Nur gebe ich zu bedenken, dass man erstens eine Boot-CD haben sollte, G Data z.B. hat eine Boot-CD-Erstellung dabei, damit kann man den Rechner auf Rootkits hin überprüfen, kleine Schädlinge die sich im laufenden Betriebssystem verstecken können ...
Darum sollte man gelegentlich mal einen Scan z.B. unter einer gebooteten Linux-Umgebung durchführen. 
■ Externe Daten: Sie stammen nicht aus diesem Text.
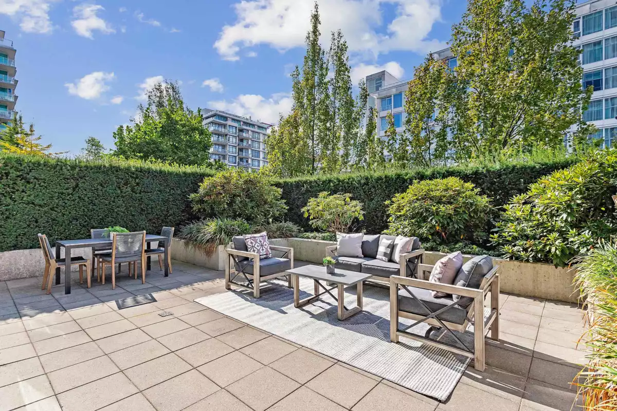 HUGE SUN-SOAKED PATIO & GARDEN. Spectacular 515 sq. ft. patio makes this condo unique. Located in the exciting & vibrant area of Lower Lonsdale & all it has to offer. Brazilian cherry wood flooring in main rooms enhances fabulous indoor/outdoor entertaining space of this 2 bedroom & den home. Open plan with separated bedrooms. Gas fireplace, Air conditioning, In-suite laundry. Kitchen-granite counters, gas stove & SS appliances. Premiere has access to Pinnacle Hotel indoor pool, gym/yoga room. Wheelchair-friendly-unit has direct access to back lane down the corridor. Locker located on same floor just steps from unit for easy access. If you are a gardener and love BBQs & outdoors, this is your opportunity! Walk score of 94.

Zweiter Punkt, ist die kostenlose Avira-Version mittlerweile nichtmehr so abgespeckt wie früher? Falls zu eingeschränkt im Umfang, quasi wertlos. (Beziehe mich nur auf die kostenlose Version)

Ein Nachteil bei G-Data; der braucht mind. Dual-Core (hat hier wohl jeder). Netbook, schwaches Notebook nicht brauchbar, da viel zu langsam.
Da würde ich dann auch zu Avira (Kaufversion) greifen. 

Nur sind die Kaufversionen mittlerweile so günstig: 3 Rechner-Lizenz für ein Jahr für unter 30 Euro. (G Data).
Da kann man nicht meckern, und bekommt auch alle paar Minuten updates der Signaturen.

Nur gebe ich zu bedenken, ich ärgere mich gerade so richtig über G Data, anderer Thread. Aber ich hoffe, die bessern nach.

Gruß,

Andreas


----------